R - Ah, então, esses são todos os shapes que a Mel usou em todos esses anos que ela começou a andar de skate. E de bicicleta também, porque eu ainda tinha uma bicicleta. Então a gente tem o primeiro, que foi o primeiro que ela ganhou, e tem os outros que a gente ganhou alguns eventos. E quando enche, quando o shape enche de adesivo, eu troco o shape, ou eu compro, a gente acaba ganhando de alguma loja, ou alguém presenteia a gente por aí. Então, esses adesivos não são só adesivos, o adesivo tem história, tem tipo as empresas, têm os skatistas que tem (adesivos), tem as empresas de Pet também. Em todos eles eu coloco adesivo pra me lembrar do momento: “Ah, esse daqui tem esse daqui, da capivara”, é uma corrida de capivara, de skate e tem uma capivara, que a gente foi, por exemplo, então eles todos têm uma história, nesse sentido.
01:02:52
P1 - E tem uma história desses adesivos que tenha sido muito marcante, que você queria registrar?
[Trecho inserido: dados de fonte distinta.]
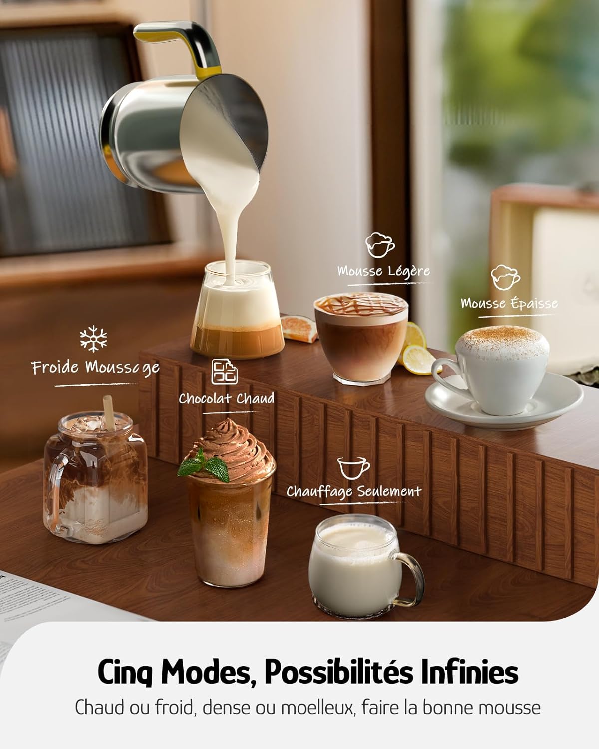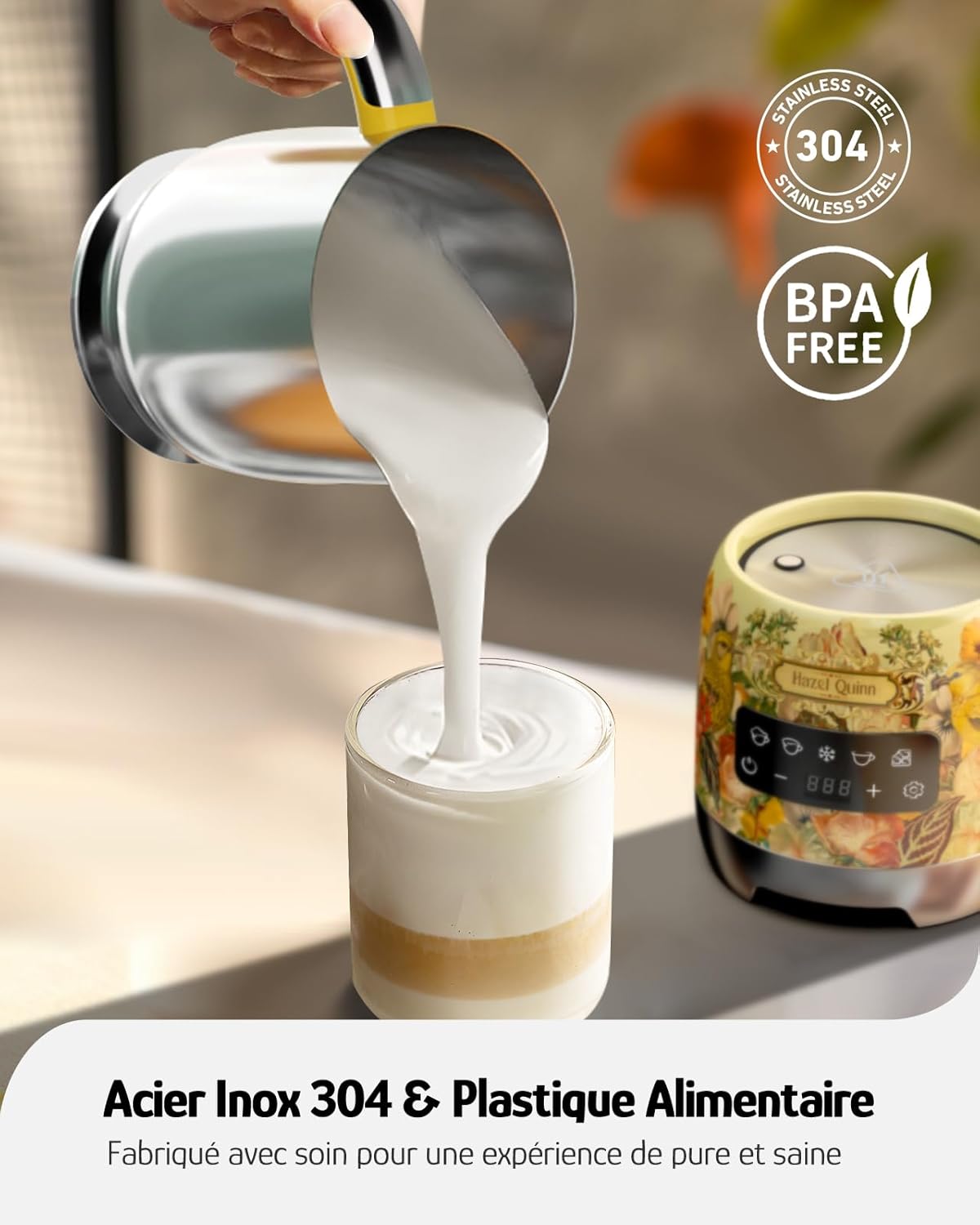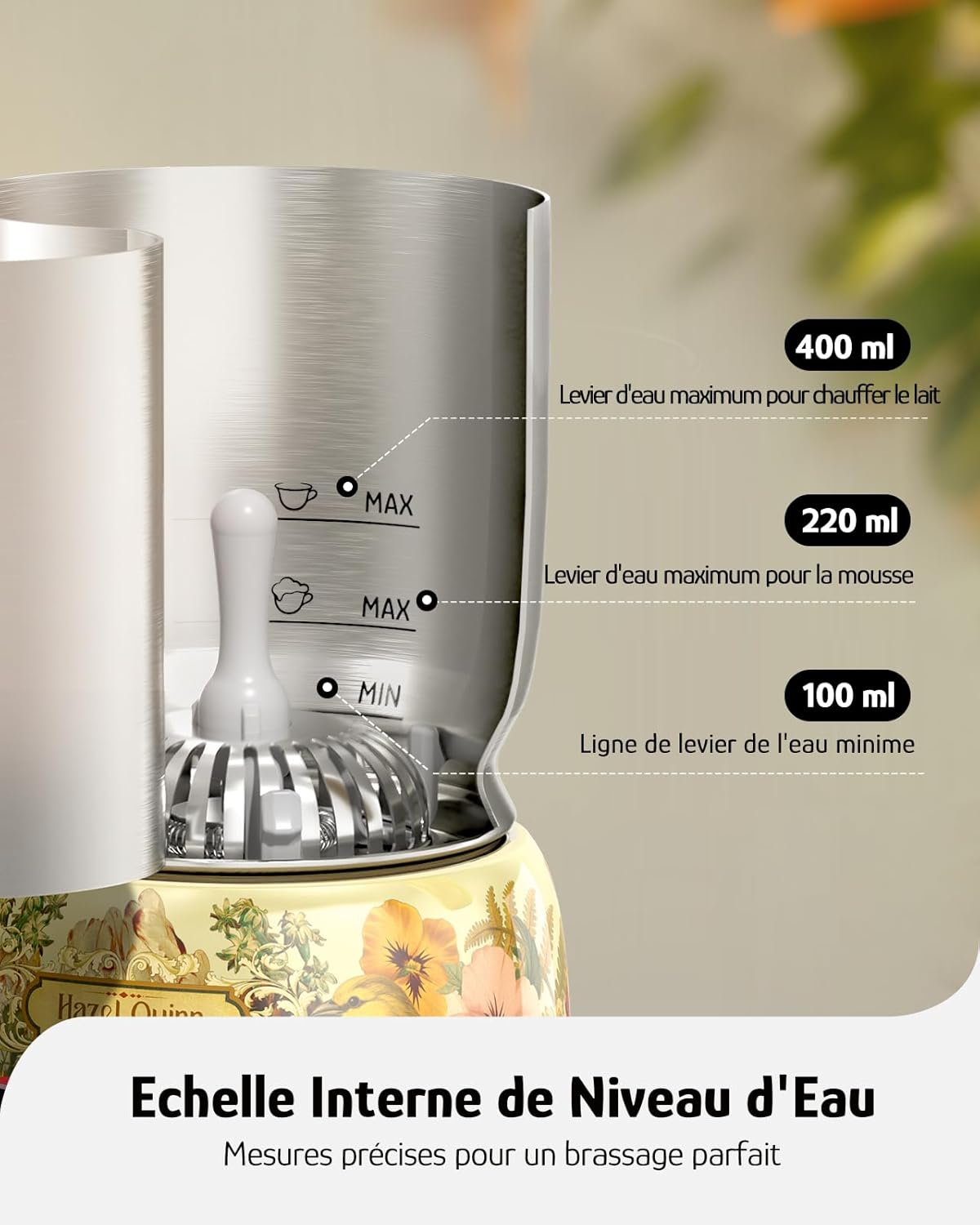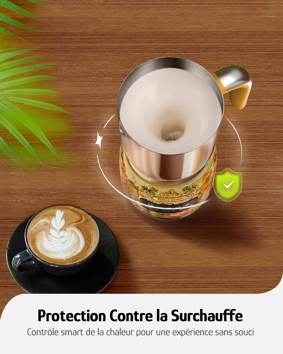 [Heiß- und Kalt-Aufschäumen] Der Hazel Quinn Milchaufschäumer verfügt über 4 einstellbare Temperaturen für Ihren perfekten Schaum - 45 °C/55 °C/65 °C & kaltes Aufschäumen. Ideal für die Zubereitung von sowohl heißem als auch eiskaltem Kaffee und erfüllt alle Ihre Getränkewünsche. [5 vielseitige Funktionen] Erleben Sie mit dem elektrischen Milchaufschäumer von Hazel Quinn eine gehobene Aufschäumerfahrung - genießen Sie dicken/leichten Schaum (heiß), kaltes Aufschäumen, Heizmodus und gönnen Sie sich den Genuss des Heiße-Schokolade-Modus. Die Gestaltung Ihres perfekten Schaums war noch nie so erfreulich! [304 Edelstahl] Der Krug besteht aus 304-Edelstahl im Inneren, dieser Milchaufschäumer von Hazel Quinn garantiert ein BPA-freies Trinkerlebnis und vermeidet jeden Kontakt mit Plastik und Wasser. Mit Priorität auf Langlebigkeit und Reinheit schützt er Ihre Gesundheit. [Magnetisches & abnehmbares Design] Erleben Sie Stabilität durch die magnetische Anziehungskraft zwischen Tasse und Basis während des Aufschäumens, was Sorgen um Verschüttungen beseitigt. Die abnehmbare Tasse ist spülmaschinenfest für eine bequeme und mühelose Reinigung. [Extra Große 13,5oz/400ml Kapazität] Entfesseln Sie Ihre Kreativität mit dem 13,5oz/400ml fassenden Krug von Hazel Quinn. Ausgestattet mit zwei "Max"-Wasserlinien im Inneren der Tasse - die höhere für die Heizfunktion und die leicht niedrigere für das Aufschäumen, um Präzision bei der Zubereitung Ihrer perfekten Getränke zu gewährleisten. | قیمت یورویی : 75.99€
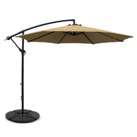 It's an outdoor umbrella with a creative difference. Not just in function but in form as well. Introducing the Cantilevered Outdoor Umbrella.As alfresco relaxing and dining at home is fast becoming a favourite past time for many people, our Outdoor Umbrella is a perfect complement to any outdoor furniture setting and décor. Featuring an elegant waterproof and UV-resistant fabric top covering 3m in diameter, the Outdoor Umbrella utilises a cantilevered side post to allow maximum useable space under the shade. No centre pole to get in the way of your enjoyment.Better still, the Umbrella top and base can be adjusted and pivoted towards the sun for the right amount and angle of shade. Definitely a lot less hassle than shifting the umbrella about to catch the right cover. Opening and closing is also made quick and easy with a user-friendly cranking system and the total assembly can be stored away with minimum fuss. Not least, the entire steel frame, such as the 8-rib top supports, and supporting pole are power-coated for toughness while the steel base can be readily bolted in place or weigh down.So deck out in style and enjoy the best of fun under the sun without any weather worries with Cantilevered Outdoor Umbrella.
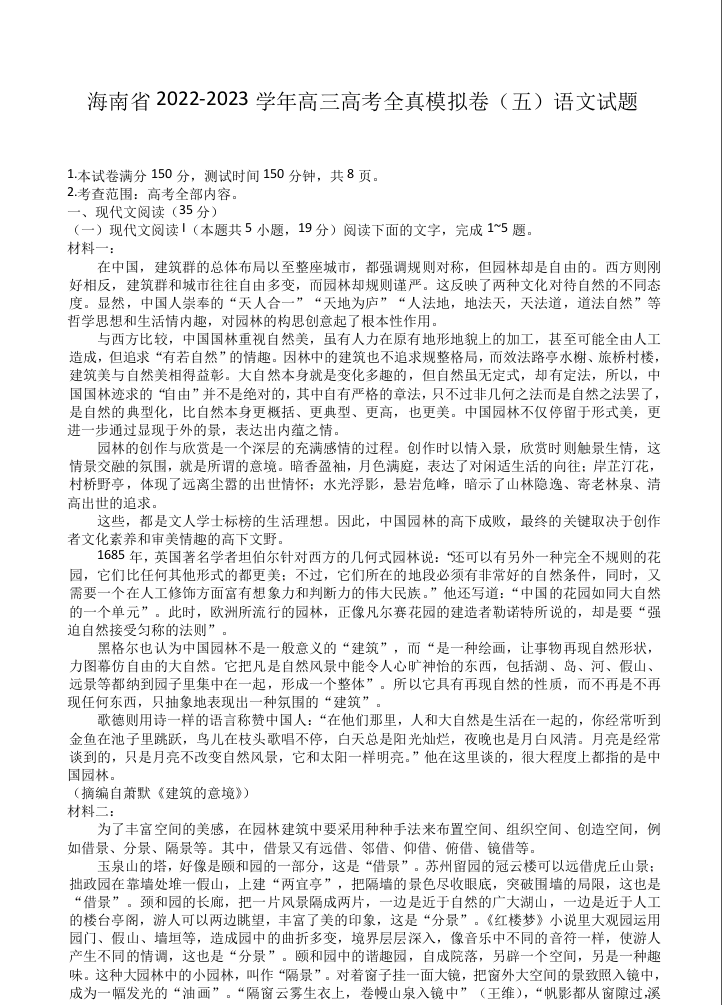 高三语文+答案--海南省2022-2023学年高三高考全真模拟卷(五)

R - Hum. Olha, tem esse aqui que foi o primeiro, que foi o que a gente foi pro programa do Ratinho, que eu fui levar ela com esse shape aqui, e que era pra ganhar uma Scooter. Então a gente foi pro SBT, porque eles vieram pra contar uma parte da nossa história também, porque com a bike a gente pegava sol e a gente pegava chuva. Então, não tinha proteção pra cachorro e São Paulo é muito doido, a gente sai de manhã com o sol lascado e voltava com a chuva. Pedalando a gente demorava muito, porque com o skate era mais pesado ainda, então eu com minhas as pernas, demorava muito pra chegar aonde eu queria. E a gente foi para o programa para justamente ganhar uma Scooter para agilizar o nosso caminho; não pegar tanta chuva, não pegar tanto sol. Então acho que esse tem uma história legal porque é o primeiro shape com a imagem dela, é o que a gente foi pro Ratinho; mas tem o da Raíssa Leal também, que eu tinha um sonho de ter esse shape da Raíssa Leal pra ela andar, e a Raíssa curtiu, viu, tudo. Foi bem bacana, eu acho. Foi mais isso.
01:04:05
P1 - E essas medalhas, tem alguma mais importante?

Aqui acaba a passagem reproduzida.